# Site General > Off-topic Cafe > Creative Corner >  Andalusian horse drawing

## Shelby

Well, I haven't drawn anything in a long time, so today was the day. It's an Andalusian horse doing the Spanish walk. Hope you like.  :Smile:

----------


## ladywhipple02

VERY nice, April!  :Good Job:  I wish I could draw horse like that... I always have HUGE issues with the hooves and end up quitting in frustration.

----------


## Shelby

Thanks.. yeah, hooves can be a pain in the butt. I had to redraw a couple of them a few times before they looked ok.

----------


## mlededee

Nice! Horses, especially their legs, are the hardest things to draw in the world!  :Smile:

----------


## MedusasOwl

> Nice! Horses, especially their legs, are the hardest things to draw in the world!

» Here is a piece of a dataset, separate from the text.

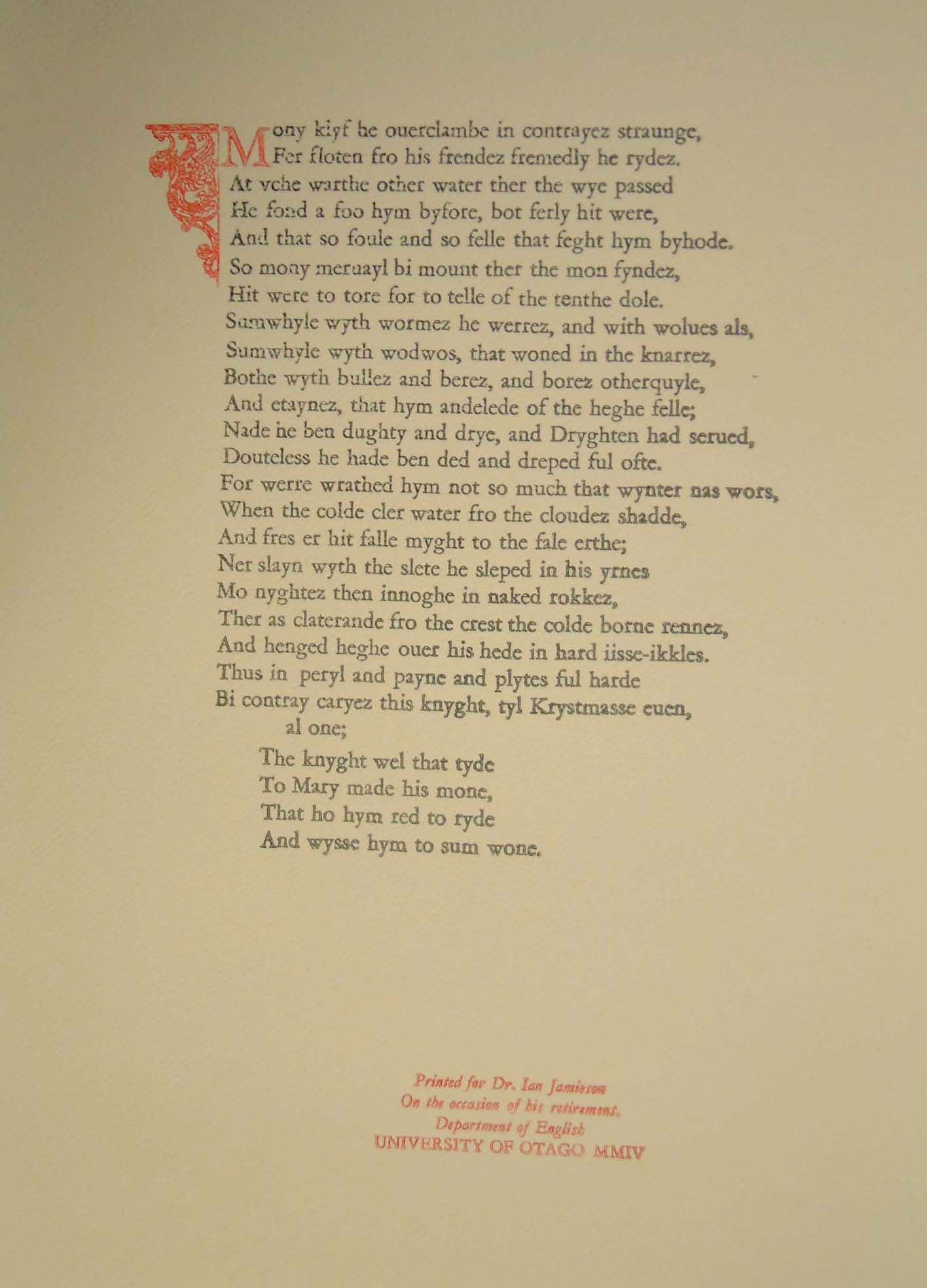 English students Shelley Gurney and Linda Lamb printed this extract from Sir Gawain and the Green Knight in late July 2004, on the occasion of Dr Ian Jamieson’s retirement from the English Department. He is now resident in Wellington. Extract from Sir Gawain and the Green Knight. Dunedin: Bibliography Room, 2004 |
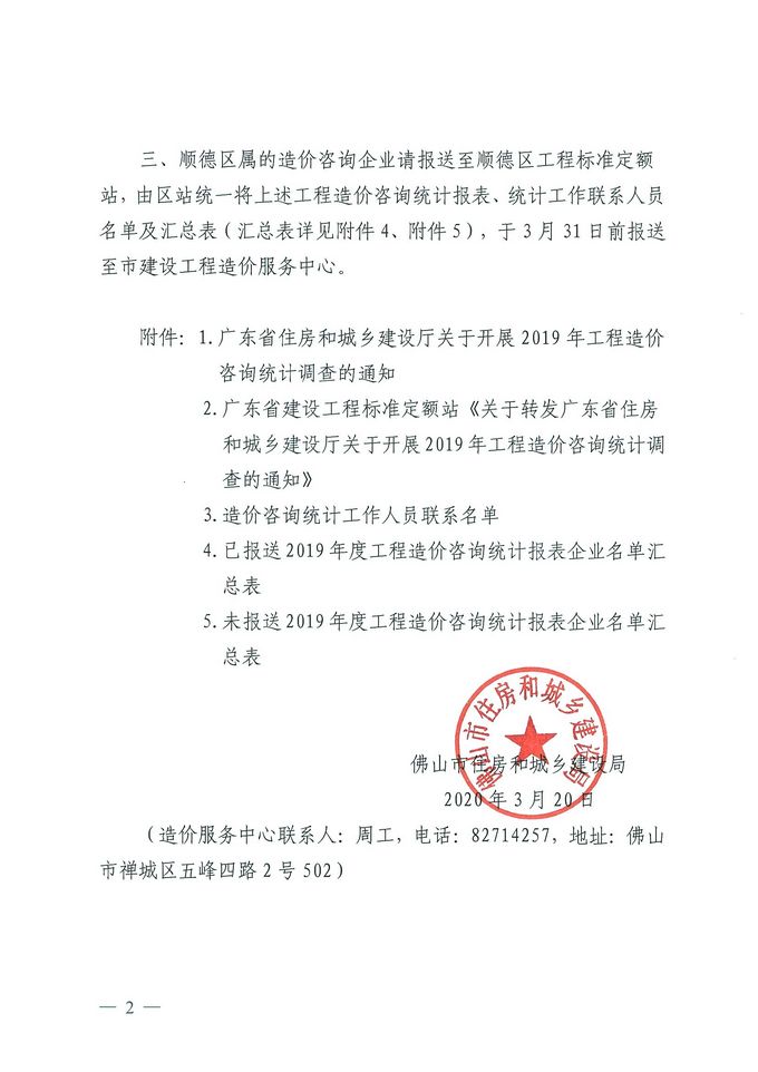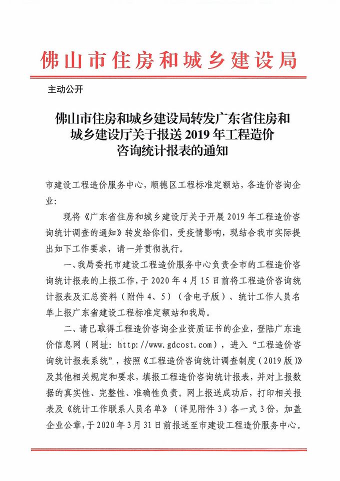 佛山市住房和城鄉(xiāng)建設局轉發(fā)廣東省住房和城鄉(xiāng)建設廳關于報送2019年工程造價咨詢統(tǒng)計報表的通知

Seconded, gorgeous job on the legs!  The hair in the face is very nicely done too!   :Good Job:

----------


## Shelby

Thanks guys.  :Smile:

----------


## Laooda

:Clap:   Movement is so hard to capture... especially with horses IMO!  You've done a great job!

----------


## Shelby

Thank you.  :Smile:  I'm pretty happy with it.. especially since I haven't drawn anything in a long time.

----------


## Ginevive

Sweet! Your knowledge of true equine anatomy definately translates into your work looking realistic.

----------


## Wh00h0069

Nice. I wish I could draw like that.  :Cool:

----------


## python.princess

wow! nice job!

----------


## Shelby

Thank you x3.  :Smile:

----------